Step 2: Open the above file downloaded from the Microsoft store.
If installing it for the first time you might see the following screen.

Message when launching Ubuntu for First Time

Go to the following link to install the latest Linux kernel Update package.
Once downloaded run the setup file.
Link: https://aka.ms/wsl2kernel
Again Launch your Ubuntu and it’ll ask you to create a Username and a Password.

Upon Creating your User-Id you are set to use Linux using WSL2.

3. Setting up the Virtual Environment

Make sure you have the vs code, python installed in the WSL2
- (By default Ubuntu will install Python V3.x)
- Which python3 returns the python installation path

which python3

Run the following command in your Ubuntu and it will install all the required software.

Install the pip using the command:

sudo apt install python3-pip

Create a Virtual environment to install all the required libraries in your virtual environment.

// To Create a Virtual Environment
python3 -m venv .yourenv-name

// Activate your virutal environment
source .yourenv-name/bin/activate

Once your Venv is activated, install all the required packages necessary to run Llama3 locally

Installing the required packages/libraries.

Create a requirements.txt file with the following packages:

torch
accelerate
jupyter
transformers

pip install -r requirements.txt

This will install all the packages inside the Virtual Environment.
Ensure Nvidia and CUDA Toolkit are set up correctly. In Jupyter, running the below script should display your GPU device name.
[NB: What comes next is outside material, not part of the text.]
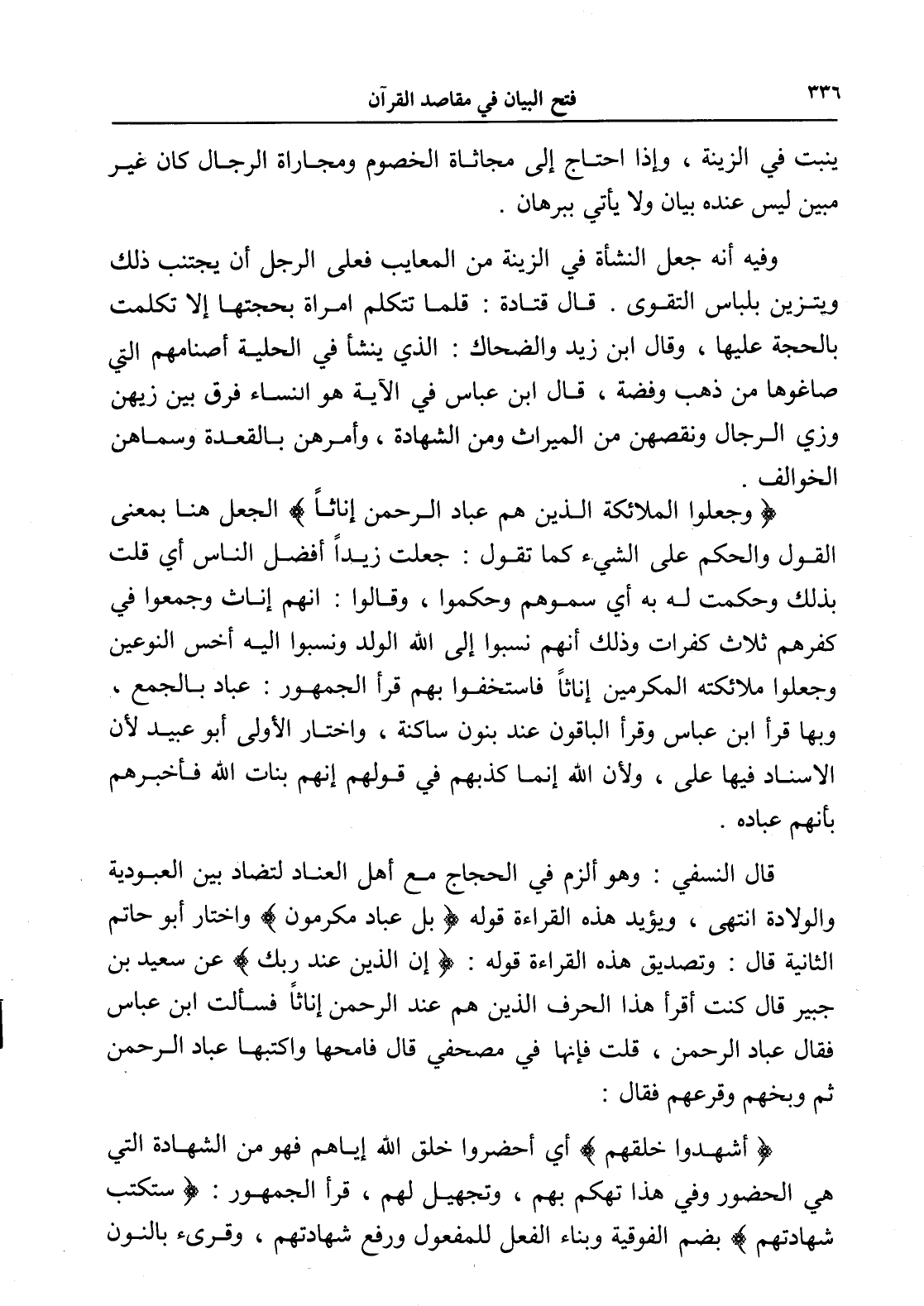 قال النسفي: وهو ألزم في الحجاج مع أهل العناد لتضاد بين العبودية والولادة انتهى، ويؤيد هذه القراءة قوله (بَلْ عِبَادٌ مُكْرَمُونَ) واختار أبو حاتم الثانية قال: وتصديق هذه القراءة قوله: (إِنَّ الَّذِينَ عِنْدَ رَبِّكَ) عن سعيد بن جبير قال كنت أقرأ هذا الحرف الذين هم عند الرحمن إناثاً فسألت ابن عباس فقال عباد الرحمن، قلت فإنها في مصحفي قال فامحها واكتبها عباد الرحمن ثم وبخهم وقرعهم فقال:

Generate the HuggingFace-Hub Token

To generate the token, you should have a hugging face account.

Create a Hugging Face account.
Go to Settings > Access Tokens.
Click “New Token”, name it (e.g., local_llm), and set the type to "Read".
Copy your token and replace Your_Token_ID in the code.

4. Installing Llama3

Download Llama3 official weights from Hugging-Face.

model_id = "meta-llama/Meta-Llama-3-8B-Instruct"
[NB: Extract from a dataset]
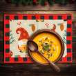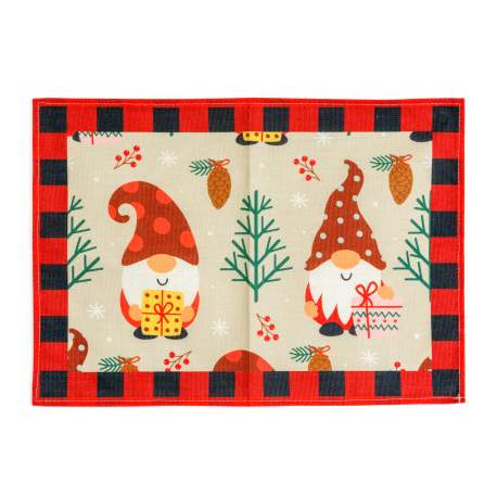 Realizat din poliester rezistent, este ușor de curățat și reutilizabil, potrivit pentru utilizare zilnică sau ocazii speciale. Modelul cu imprimeu roșu/negru în carouri și ilustrația de spiriduș oferă un aspect cald, de inspirație nordică, perfect pentru a crea o atmosferă prietenoasă și plină de farmec.

pipeline = transformers.pipeline(
    "text-generation",
    model=model_id,
    model_kwargs={"torch_dtype": torch.bfloat16},
    device_map="auto",
    token = 'Your_Token ID',
    batch_size = 6
)

model_id: This is the identification for the model you want to use to generate text. In this example, the model we used is “Meta-Llama-3–8B-Instruct” from the “meta-llama” repository. This option provides the model’s architecture and settings.

Hugging-Face repository Link: meta-llama/Meta-Llama-3–8B-Instruct · Hugging Face

pipeline: This function from the transformers package generates a pipeline for text generation. It enables us to effortlessly do text-generating jobs with pre-trained models.

“text-generation”: This option describes the task we want the pipeline to do. In this situation, it’s text generation, which means the pipeline will produce text based on the input prompt.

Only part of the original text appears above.